The new tax rules associated with the Tax Cuts and Jobs Act may impact your return this year:
- Standard Deduction Increased: A key change is an increase in the standard deduction compared to 2017.
- Personal Exemption Eliminated: The $4,050 personal exemption for individuals and dependents.
- Child Tax Credit Expanded: In 2018, the credit increases to $2,000. Plus there is a new $500 credit for non-child dependents.
- State and Local Taxes: $10,000 in state and local income taxes is the maximum that can be deducted.
- ACA Individual Mandate Repealed: No healthcare coverage in 2019? You will not have to pay a penalty.
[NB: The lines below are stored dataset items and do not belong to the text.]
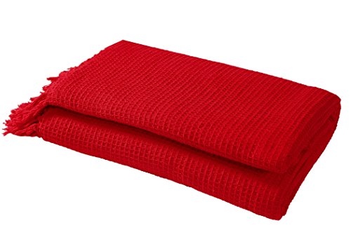 EHC, copriletto 100% Cotone a Nido d'Ape, per Letto Singolo, 127 x 152 cm, Red, Double Bed Throw
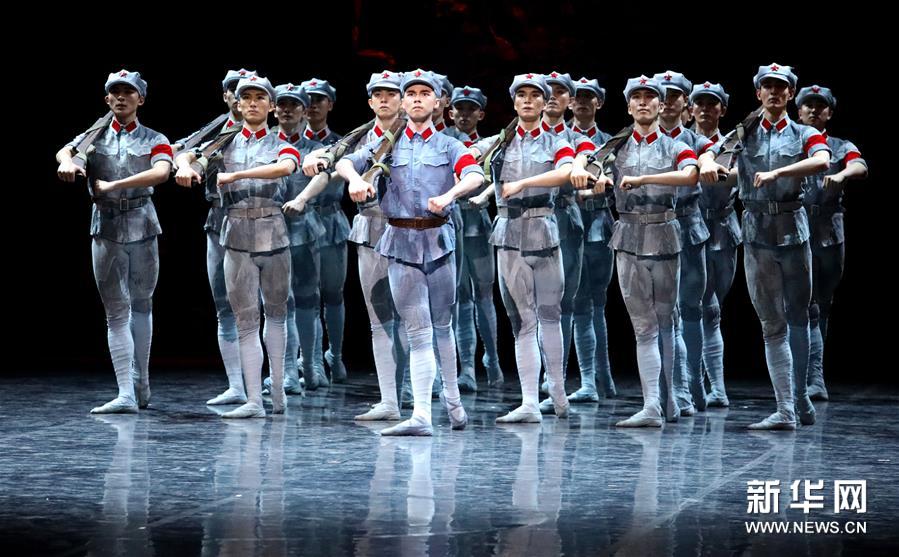 7月7日,在河北省艺术中心,来自上海芭蕾舞团的演员在芭蕾舞剧《闪闪的红星》中表演。剧目。 新华社发(梁子栋摄)
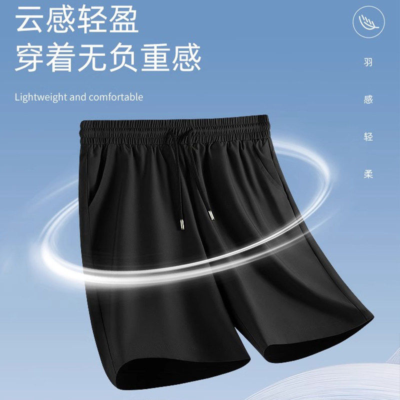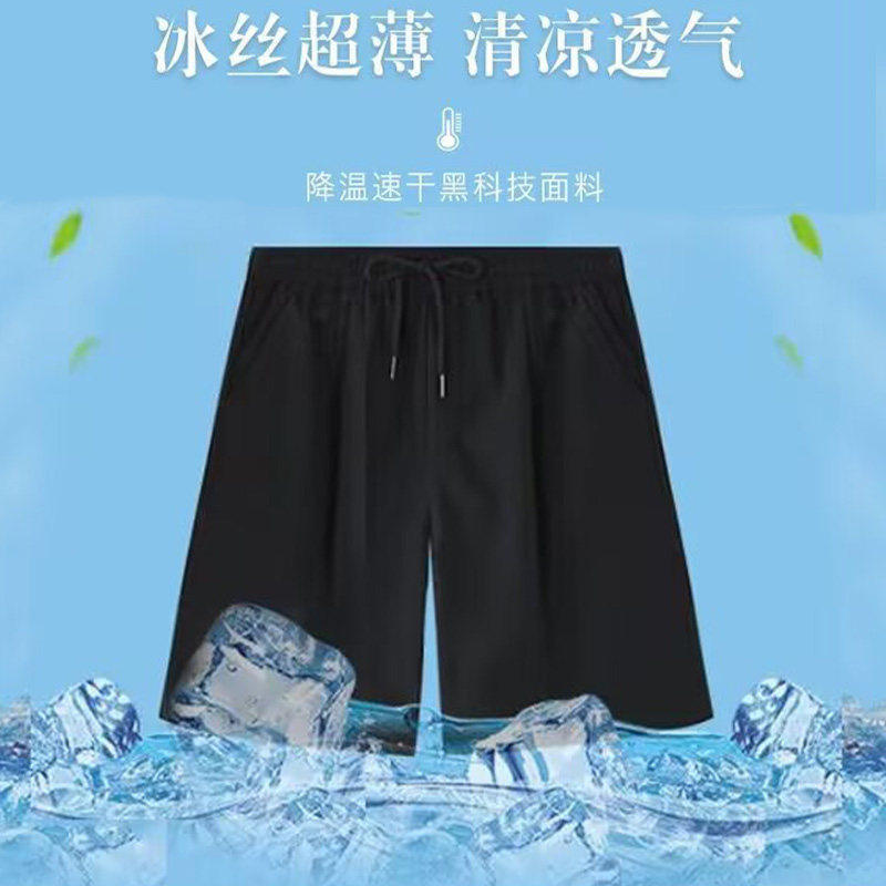 薄款 胖子男士 宽松运动休闲短裤 冰丝男黑色五分裤 子 短裤 五分裤 夏季
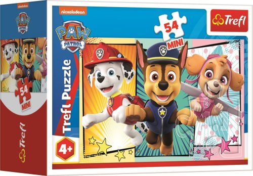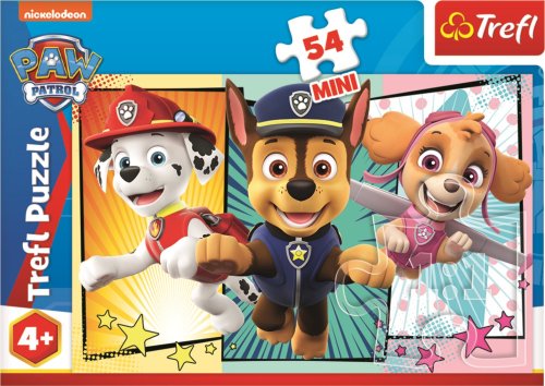 Mini-Puzzle (dílky 2,2 cm, baleno v malé krabičce) ze série Tlapková patrola. Rozměr složeného puzzle cca 20 x 13 cm
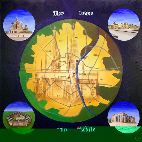 Auftraggeber: Galerie "von Meyburg"Ausführung: Mischtechnik auf Leinwand (L. Fanslau, AnneMarie Siber)Vorlage: "Mer Losse d'r Dom en Kölle"(Bläck Fööss)Designer: AnneMarie Siber
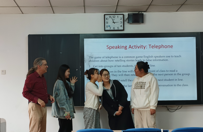 4月8日,一场别开生面的英语传声筒游戏活动在2022级新闻学乙班展开。在外教David的带领下,全体同学踊跃参与,全身心投入到这次充满趣味的学习活动中。游戏开始,David老师向每组的第一位同学悄声传达英语句子,随后组员依次轻声传递,现场氛围轻松愉快。此次活动将趣味与英语学习相融合,不仅让同学们在欢笑中深刻领悟到准确英语发音在交流中的重要性,也让口语能力得到锻炼。小组协作传递句子的过程,更是增进了彼此间的默契,团队合作能力显著增强。
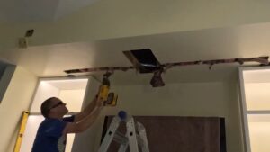 At the beginning of day 3 I started one of the coolest parts of this project but for sure the hardest, the recessed motorized 100” projector screen from Elite Screens. The thing that made this difficult was the fact that the overhang on either side of the screen housing was slightly less than half an inch, so there wasn’t a lot of room for error when cutting a hole in the ceiling. After taking some measurements of the screen, I started marking out the positioning on the ceiling.

- Mortgage Interest Deduction Dropped: Individuals who purchase a home in 2018 can deduct mortgage interest up to $750,000 of acquisition indebtedness. The interest deduction on home-equity indebtedness has been eliminated.
- Retirement Fund Contribution Limits Increased: You can now contribute up to $18,500 to your 401(k), 403(b), most 457 plans and Thrift Savings Plan. That’s a $500 increase from 2017.
- Qualified Business Income Deduction- Qualified Business Income Deduction (QBI): Taxpayers who own sole proprietorship, LLCs, rental properties, S-Corporations and partnerships may be able to deduct 20% of qualified business income if they meet specific criteria.